Admissible practice prior to the ECJ “Planet49” judgment
Cookies are small text files that are placed on users’ devices to collect information for various purposes, such as to remember a user’s preference, to tailor shown ads and to enable website operators to analyse traffic)
Cookies were thus often installed at the time of first access to a website. Such cookies would then immediately start collecting personal data and other information.
Why was such practice largely considered permissible?
Post GDPR, the legal situation in relation to cookies became somewhat unclear because of the fact that the ePrivacy Directive was not replaced yet.
Despite this potential uncertainty, the above practice was still considered acceptable post GDPR by a large number of EU data protection authorities. Indeed, the consent under the ePrivacy Directive was considered different and more easy to obtain than consent under the GDPR, as the implementation of the ePrivacy Directive in the various EU member states does not refer to GDPR-standard consent.
The European Data Protection Board (EDPB) issued a written opinion in March 2019 addressing the interplay between the ePrivacy Directive and the GDPR. Although not specifically addressed in the EDPB’s opinion, some suggested that the EDPB’s opinion was to be interpreted as meaning that all references to “consent” in the ePrivacy Directive means consent as defined by the GDPR.
In their guidance notes issued in July 2019, the French and UK data protection authorities (the CNIL and ICO) clearly stated (i) that it is the GDPR standard of consent that must be obtained before placing cookies on users’ devices and
(ii) that users must take a clear and positive action to give their consent to cookies (and continuing to use a website does not constitute such as valid consent).
It is worth noting that, on certain aspects, such guidance documents go further than the current draft of the new ePrivacy Regulation (dd. 4 October 2019) which is due to replace the existing ePrivacy Directive (e.g. the current draft permits operators to place first or third party cookies on users’ devices without consent for “audience measuring”, i.e. to analyse traffic passing through their websites for the purpose of optimising the service).
The ECJ “Planet49” judgment of 1 October 2019
The ECJ ruled in its “Planet49” judgment that the GDPR-standard consent also applies to the setting of cookies under the ePrivacy Directive, thereby following the interpretation of the CNIL and the ICO.
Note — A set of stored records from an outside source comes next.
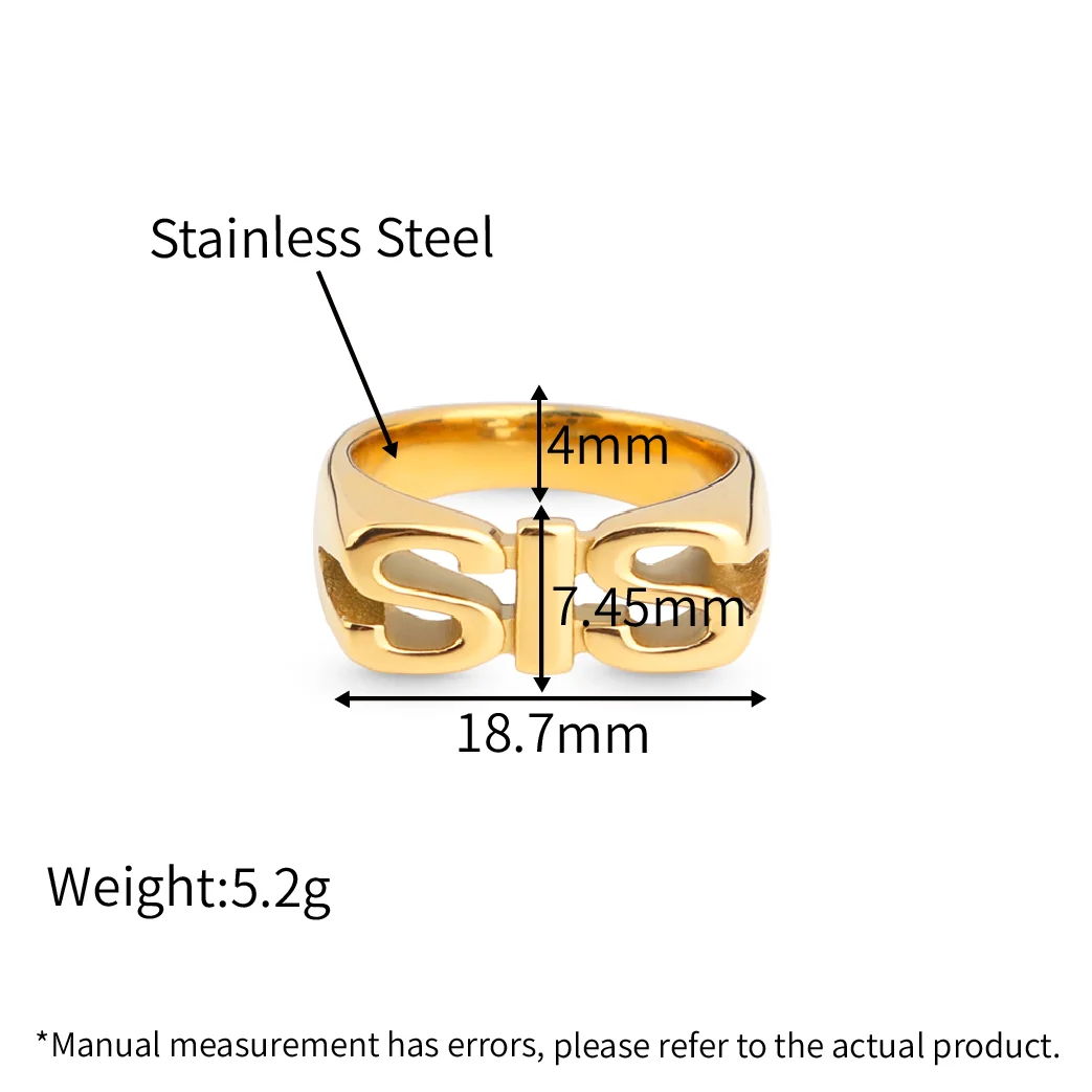 316Lサージカルステンレス 18Kゴールドメッキ リング アルファベット SIS 【NY01746】
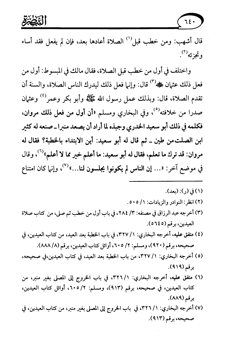 واختلف في أول من خطب قبل الصلاة، فقال مالك في المبسوط: أول من فعل ذلك عثمان - رضي الله عنه - (¬3) قال: وإنما فعل ذلك ليدرك الناس الصلاة، والسنة أن تقدم الصلاة، قال: وبذلك عمل رسول الله - صلى الله عليه وسلم - وأبو بكر وعمر (¬4) وعثمان صدرا من خلافته (¬5)، وفي البخاري ومسلم "أن أول من فعل ذلك مروان، فكلمه في ذلك أبو سعيد الخدري وجبذه لما أراد أن يصعد منبرا -صنعه له كثير ابن الصلت من طين- ثم قال له أبو سعيد: أين الابتداء بالخطبة؟ فقال له مروان: قد ترك ما تعلم، فقال له أبو سعيد: ما أعلم خير مما لا أعلم" (¬6)، وقال في موضع آخر: ". . . إن الناس لم يكونوا يجلسون لنا. . ." (¬7)، وإنما كان امتناع
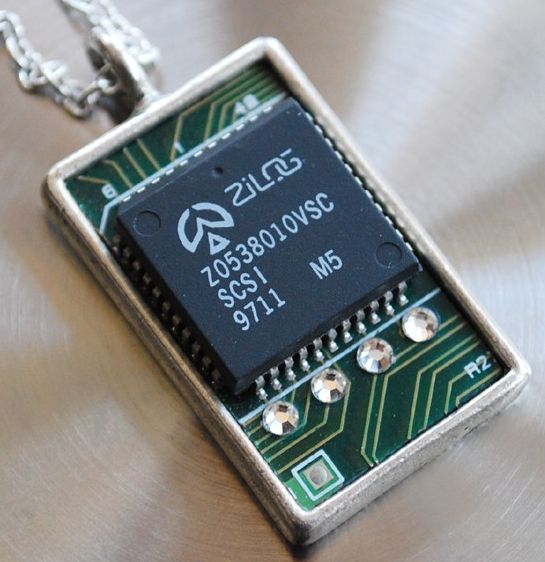 Necklace made from a recycled computer circuit board featuring a large chip and 4 small Swarovski crystals.
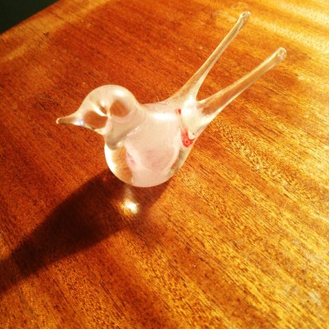 Värillinen lasinen koriste-esine, jossa on useita eri värisiä lasiosia. Käytetty lasitekniikka mahdollistaa valon läpäisyn ja värien heijastumisen. Sopii sisustukseen ja koristekäyttöön.
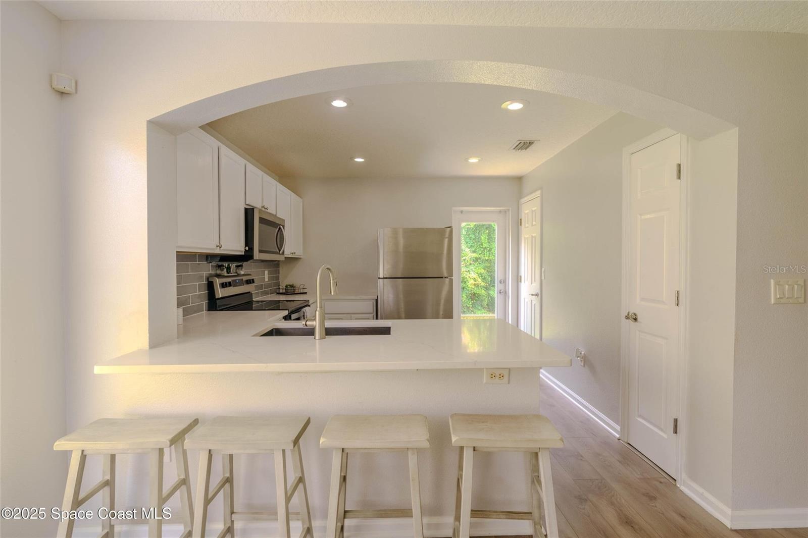 Lovely Two-Story Townhome featuring a living/dining room combo floorplan and is a 3bdrm, 2bath. Nice vinyl plank flooring and tile thru-out. The downstairs has 2bdrms & a full bath, Step-Saver kitchen with architectural archway, breakfast bar, quartz counter tops & a pantry. Upstairs features a huge primary bedroom with double closets and a full bath that encompasses the entire 2nd level. Tray ceilings in the bedrooms are an additional architectural touch. Full glass door leads to quaint backyard that is perfect for your little pets. Inside laundry room - washer & dryer can stay but not warranted. Located in area of quick access to SR405 or Hwy 50. Just minutes to KSC, Orlando and other main areas of travel.
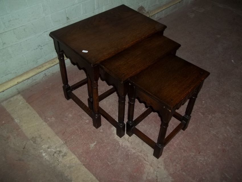 A SOLID OAK PRIORY STYLE NEST OF TABLES
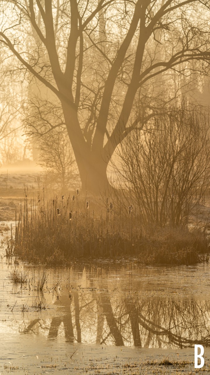 Zicht op een boom bij de beek tijdens de zonsopgang in de mist over de bourgoyen-ossemeersen te mariakerke.
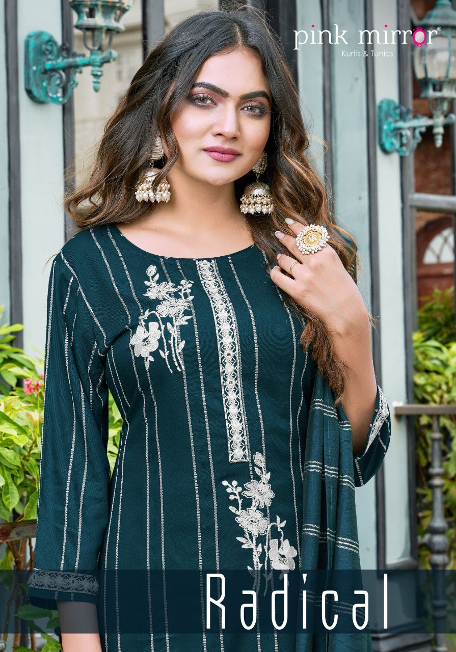 Pink Mirror Radical Viscose With Beautiful Heavy Work Stylish Designer Casual Wear Kurti
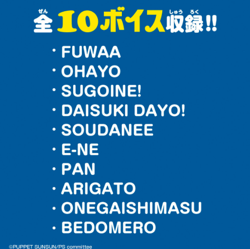 スンスンのボイスには、「FUWAA」「BEDOMERO」「ZUZUZU」など、独特でかわいらしい擬音がたくさん収録されています。
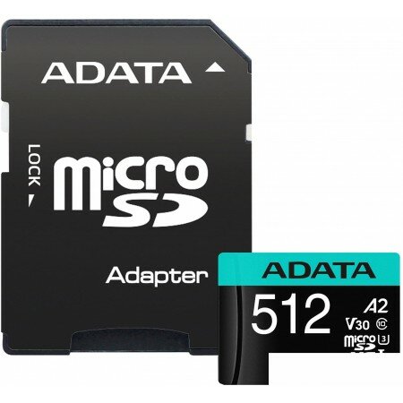 Карта памяти microSDHC UHS-I U3 A-Data Premier Pro 512 ГБ, 100 МБ/с, Class 10, AUSDX512GUI3V30SA2-RA1, 1 шт., переходник SD 6 220 ₽
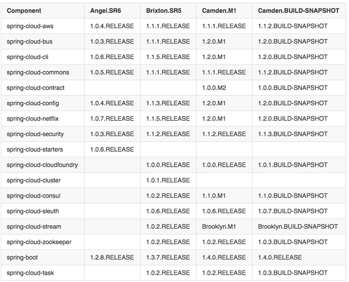 不难看出,最初的Angel版本相对来说拥有的子项目较少,Brixton、Camden则拥有更全的子项目,所以能提供更多的组件支持。而Brixton与Camden之间,Brixton的发布子项目更为稳定,Camden则更为前瞻。
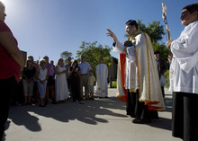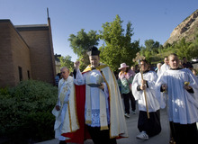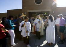 The Rev. Erik Richtsteig, right, leads a procession around St. James the Just Catholic Church in Ogden during a Mass of Reparation ceremony on June 20, 2013. The ceremony was scheduled to cleanse the church after James Evans was allegedly shot by his son-in-law Charles Richard Jennings Jr. during Mass on Sunday.
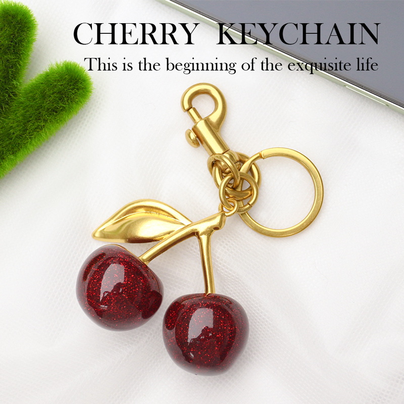 This keychain features glittering resin cherries with a glossy, sparkly finish, paired with gold-tone metal hardware. Its cute, playful design blends whimsical charm and trendy aesthetics, making it a fashionable, eye-catching accessory for women who love sweet, vibrant styles.
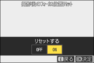 | [リセットしない] | 撮影待機状態になる直前のピント位置を保持します。 |
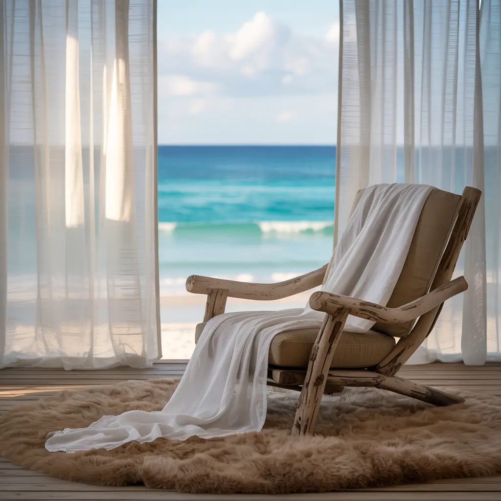 Texture references strengthen coastal themes without becoming kitschy. Rope details, weathered wood, smooth stones, and flowing fabrics suggest ocean environments without resorting to seashell decorations or nautical clichés.

Therefore, an active and informed consent is required for placing cookies and profiling technologies including advertising cookies (but not for strictly necessary cookies). Pre-ticked boxes, for example, are not a valid mean to obtain consent.
In addition, the ECJ confirmed that it does not matter whether personal data are collected through the cookies and that consent must be obtained even when the placement of cookies does not involve the processing of personal data.
The ECJ also ruled that the controller should inform users of the lifespan of each cookie and on any third parties access to information collected through such cookies, prior to obtaining their consent.
Practical implications and recommendations
While the ICO and CNIL’s guidance and the ECJ’s “Planet49” judgment may be subject to criticism, it is likely the requirement of a GDPR-standard consent will be confirmed by the future ePrivacy Regulation (with a number of exceptions for certain types of cookies).
Accordingly, a prudent approach would consist in reviewing as soon as possible existing cookies practices, including the manner in which user consent is obtained, along with existing cookie banners, cookies information notices and consent management.